Fracture and progressive failure of defective graphene sheets and carbon nanotubes

An atomistic based finite bond element model for the prediction of fracture and progressive failure of graphene sheets and carbon nanotubes is developed by incorporating the modified Morse potential. The element formulation includes eight degrees of freedom reducing computational cost compared to the 12 degrees of freedom used in other FE type models. The coefficients of the elements are determined based on the analytical molecular structural mechanics model developed by the authors. The model is capable of predicting the mechanical properties (Young’s moduli, Poisson’s ratios and force–strain relationships) of both defect-free and defective carbon nanotubes under different loading conditions.
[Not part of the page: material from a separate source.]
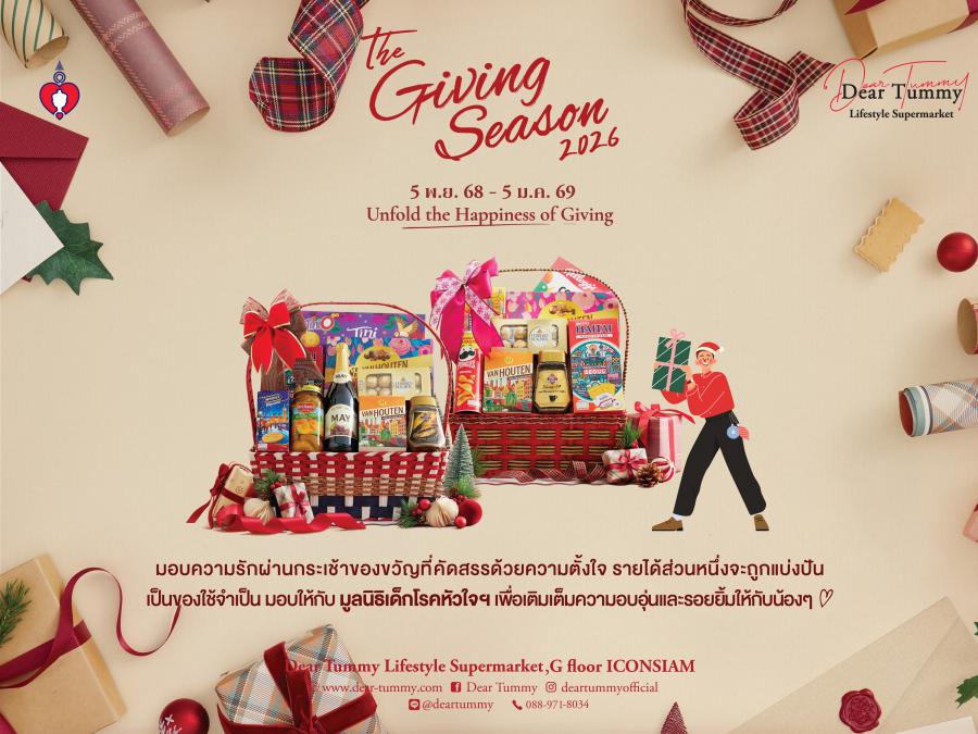 เมื่อฤดูกาลแห่งการส่งความสุขและความปรารถนาดีเวียนมาถึง เดียร์ทัมมี่ ไลฟ์สไตล์ซูเปอร์มาร์เก็ต (Dear Tummy Lifestyle Supermarket) ที่มุ่งมั่นคัดสรรสิ่งที่ดีที่สุดให้กับลูกค้า ชวนทุกคนมาต้อนรับเทศกาลแห่งการเฉลิมฉลองส่งท้ายปี กับแคมเปญ “The Giving Season 2026 : Unfold the Happiness of Giving” เลือกของขวัญจากใจ เติมเต็มความสุขจากการเป็นผู้ให้ ด้วยกระเช้าของขวัญคอลเลกชันพิเศษ และสารพันสินค้าหลากสไตล์ที่คัดสรรมาอย่างพิถีพิถัน เพื่อให้เลือกเป็นของขวัญแทนใจ พร้อมโปรโมชั่นสุดพิเศษ กับกระเป๋าสุดสร้างสรรค์โดยศิลปินชื่อนักวาดภาพประกอบดัง Viput A. ตั้งแต่วันนี้ถึงวันที่ 5 มกราคม 2569 ณ เดียร์ทัมมี่ ไลฟ์สไตล์ซูเปอร์มาร์เก็ต ชั้น G ไอคอนสยาม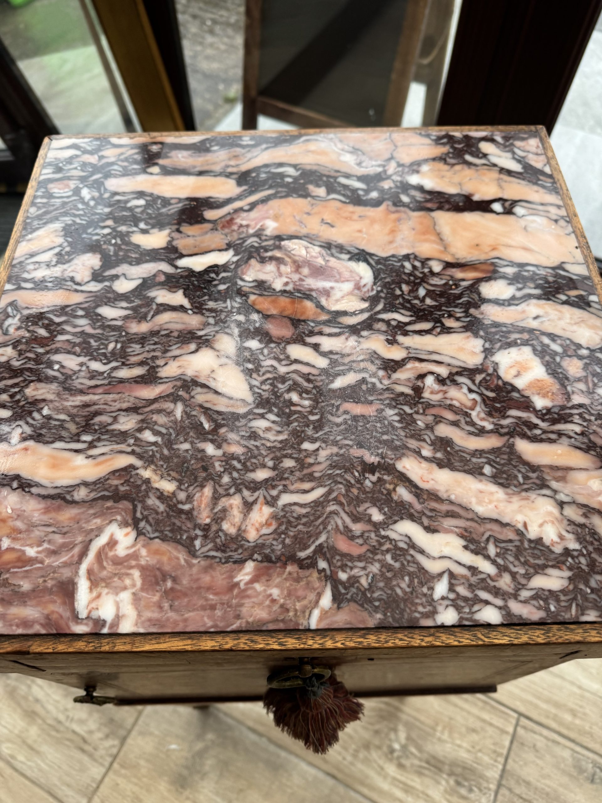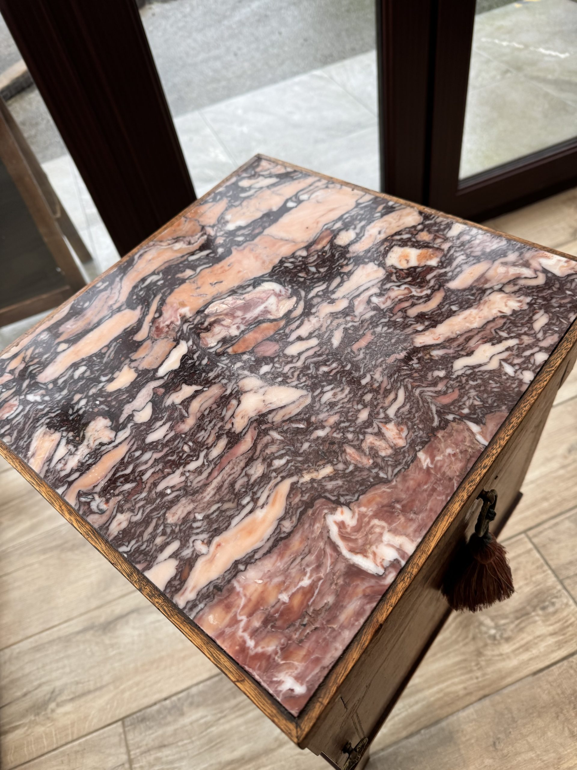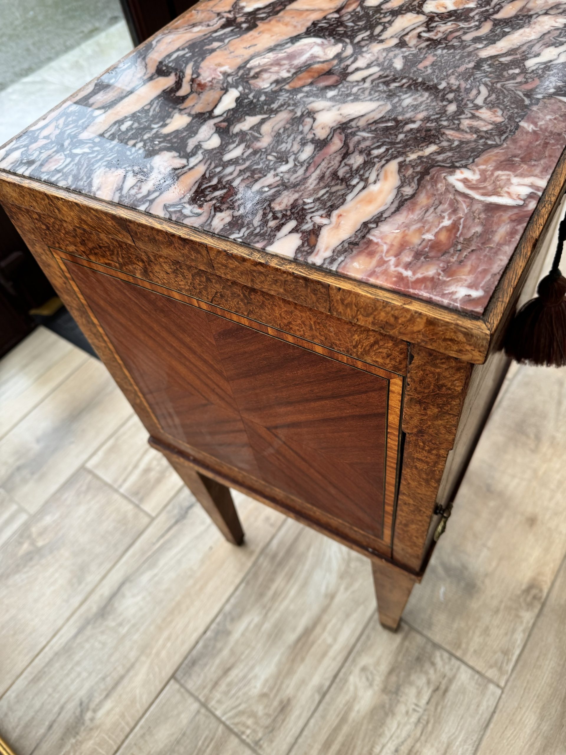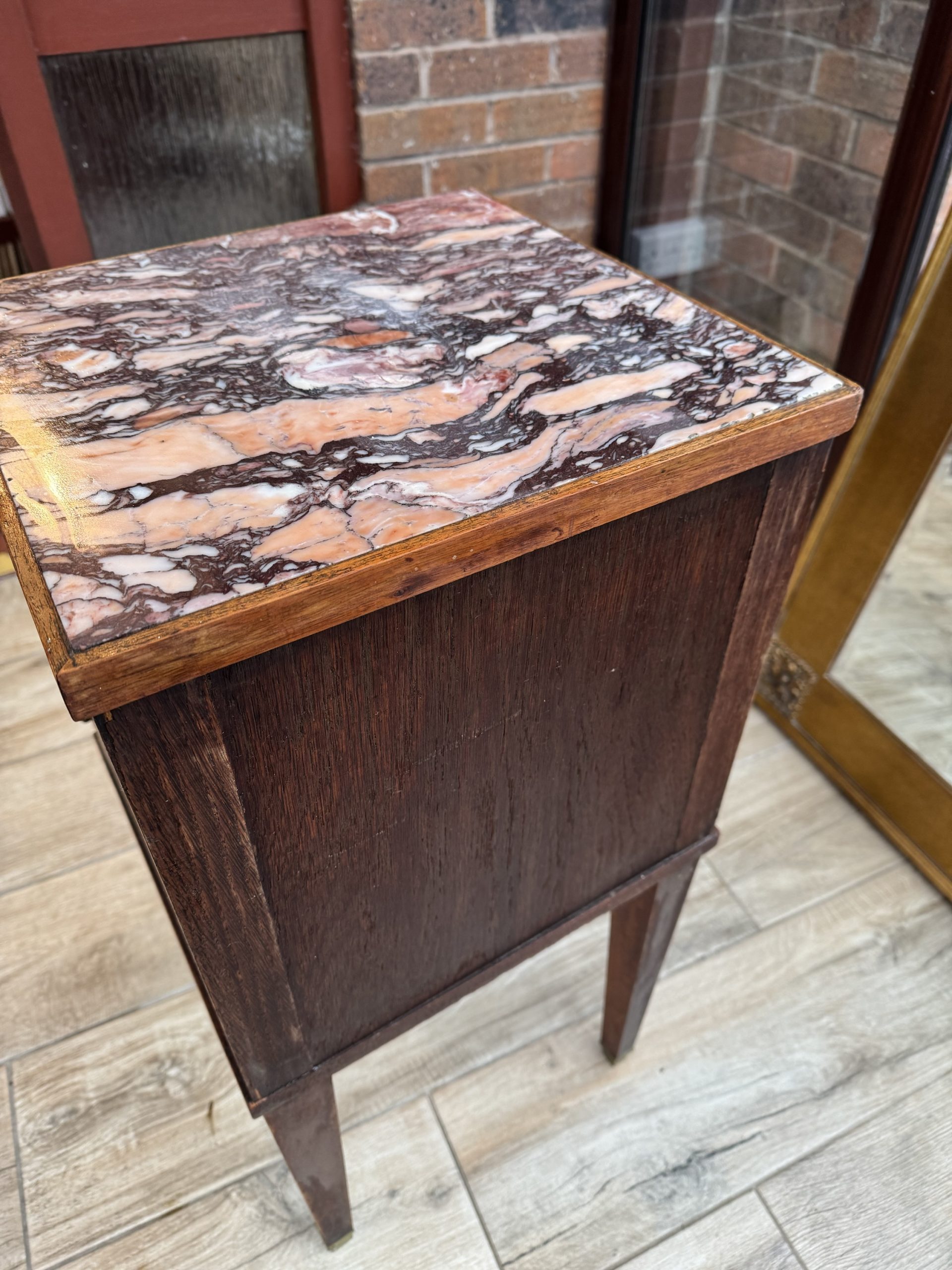 Late 18th century Louis XVI style pink marble topped nightstand. Beautifully crafted piece of French furniture with its delicate inlayed decoration and high finish.

In particular our approach is shown to more accurately predict Poisson’s ratio. The numerical prediction of nonlinear stress–strain relationships for defect-free nanotubes including ultimate strength and strain to failure of nanotubes is identical to our analytical molecular structural mechanics solution. An interaction based mechanics approach is introduced to model the formation of Stone–Wales (5-7-7-5) topological defect. The predicted formation energy is compared with ab initio calculations. The progressive failure of defective graphene sheets and nanotubes containing a 5-7-7-5 defect is studied, and the degradation of Young’s moduli, ultimate strength and failure strains of defective nanotubes is predicted.